Task details ::
A word-for-word copy of the records that follow is needed, with every picture omitted.
◇ ◇ ◇ ◇ ◇
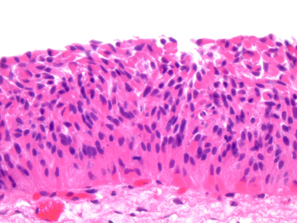 Bordering on reactive atypia vs low grade dysplasia : No significant inflammation noted: not sufficeint for CIS; I may get CK 20 and look for full thickness staining to confirm low grade urothelial dysplasia.
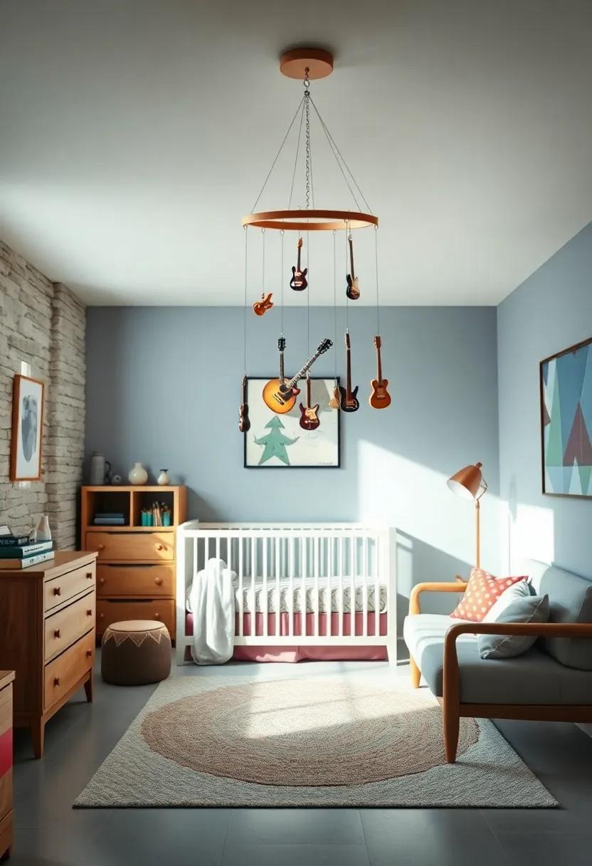 Instrumental Mobile: Hang a mobile featuring miniature musical instruments like guitars,drums,and trumpets to spark curiosity and imagination
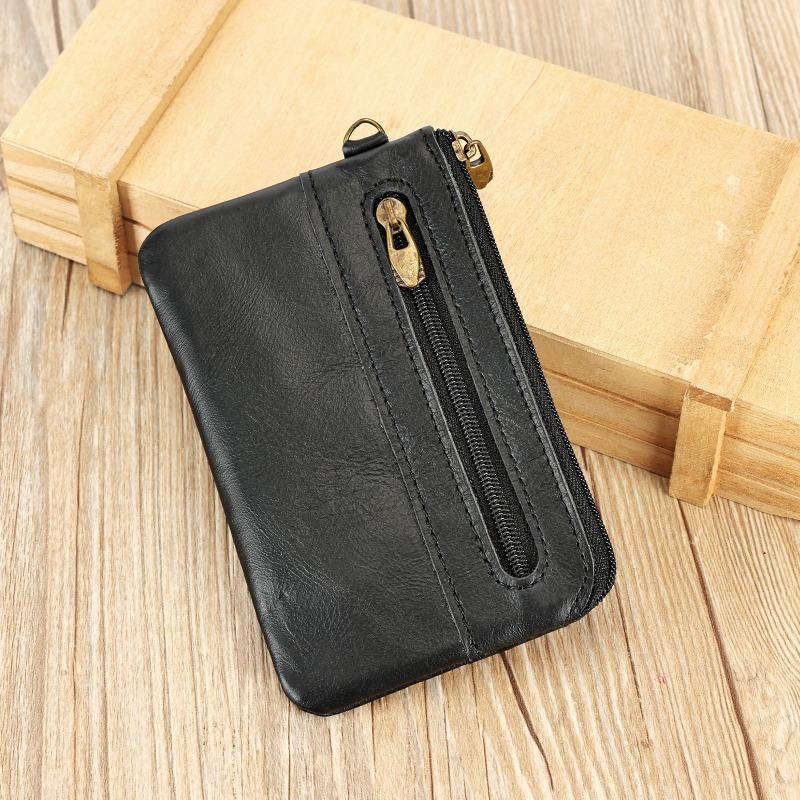 Men's and Women's Purse Coin Purse Leather Vintage Cowhide Zipper Card Cowhide Coin Bag Coin Wallet
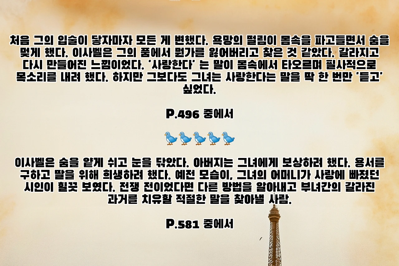 전쟁이라는 극한 상황 속에서 여성들이 겪는 고난과 저항을 섬세하게 그려냈고, 잃어버린 시대의 낭만과 비극을 함께 그려낸 이 작품은 역사의 뒤안길에 숨겨져 있던 여성들이 감당해야 했던 고통, 그리고 그 속에서 피어난 강인함을 재조명한 작품으로, 여성들이 단지 생존자가 아니라 저항자인 동시에 구원자로서 그려냈다. 누구의 아내이자 딸이었을, 어머니로서의 역할만 한게 아니라, 독립적이고 주체적인 한 인간으로서의 여성을 당당하게 그려낸 작품! 읽는내내 인물들의 감정이 그대로 느껴져서 몰입도가 엄청 높은 작품으로, 역사 소설의 무게감과 드라마의 감정선을 완벽하게 조화를 이룬 작품이다. 이 작품은 단순히 슬픈 이야기가 아니라, 용기가 무엇인지, 사랑은 어떻게 살마을 버티게 하는지, 희생의 의미는 무엇인지를 깊이 있게 생각해보게 하는 작품으로, 읽고 나면 오랫동안 여운이 남는 작품이다. 전쟁 속에서도 인간이 얼마나 강하고 아름다울 수 있는지를 보여주는 작품이니, 꼭 한번 읽어보길! 읽다보면 마음을 오랫동안 붙잡을 만한 소설을 만날 수 있을 것이다.
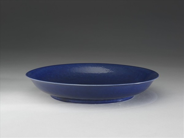 侈口,淺壁弧形,矮圈足。盤心及外壁分劃趕珠雲龍紋五條,底邊劃蓮瓣紋一周。胎質較薄,內外滿施霽青釉,盤底純白。底有青花書「大明嘉靖年製」六字二行楷款,外加雙圈。
◇ ◇ ◇ ◇ ◇
Worked solution ::
 Bordering on reactive atypia vs low grade dysplasia : No significant inflammation noted: not sufficeint for CIS; I may get CK 20 and look for full thickness staining to confirm low grade urothelial dysplasia.
 Instrumental Mobile: Hang a mobile featuring miniature musical instruments like guitars,drums,and trumpets to spark curiosity and imagination
 Men's and Women's Purse Coin Purse Leather Vintage Cowhide Zipper Card Cowhide Coin Bag Coin Wallet
 전쟁이라는 극한 상황 속에서 여성들이 겪는 고난과 저항을 섬세하게 그려냈고, 잃어버린 시대의 낭만과 비극을 함께 그려낸 이 작품은 역사의 뒤안길에 숨겨져 있던 여성들이 감당해야 했던 고통, 그리고 그 속에서 피어난 강인함을 재조명한 작품으로, 여성들이 단지 생존자가 아니라 저항자인 동시에 구원자로서 그려냈다. 누구의 아내이자 딸이었을, 어머니로서의 역할만 한게 아니라, 독립적이고 주체적인 한 인간으로서의 여성을 당당하게 그려낸 작품! 읽는내내 인물들의 감정이 그대로 느껴져서 몰입도가 엄청 높은 작품으로, 역사 소설의 무게감과 드라마의 감정선을 완벽하게 조화를 이룬 작품이다. 이 작품은 단순히 슬픈 이야기가 아니라, 용기가 무엇인지, 사랑은 어떻게 살마을 버티게 하는지, 희생의 의미는 무엇인지를 깊이 있게 생각해보게 하는 작품으로, 읽고 나면 오랫동안 여운이 남는 작품이다. 전쟁 속에서도 인간이 얼마나 강하고 아름다울 수 있는지를 보여주는 작품이니, 꼭 한번 읽어보길! 읽다보면 마음을 오랫동안 붙잡을 만한 소설을 만날 수 있을 것이다.
 侈口,淺壁弧形,矮圈足。盤心及外壁分劃趕珠雲龍紋五條,底邊劃蓮瓣紋一周。胎質較薄,內外滿施霽青釉,盤底純白。底有青花書「大明嘉靖年製」六字二行楷款,外加雙圈。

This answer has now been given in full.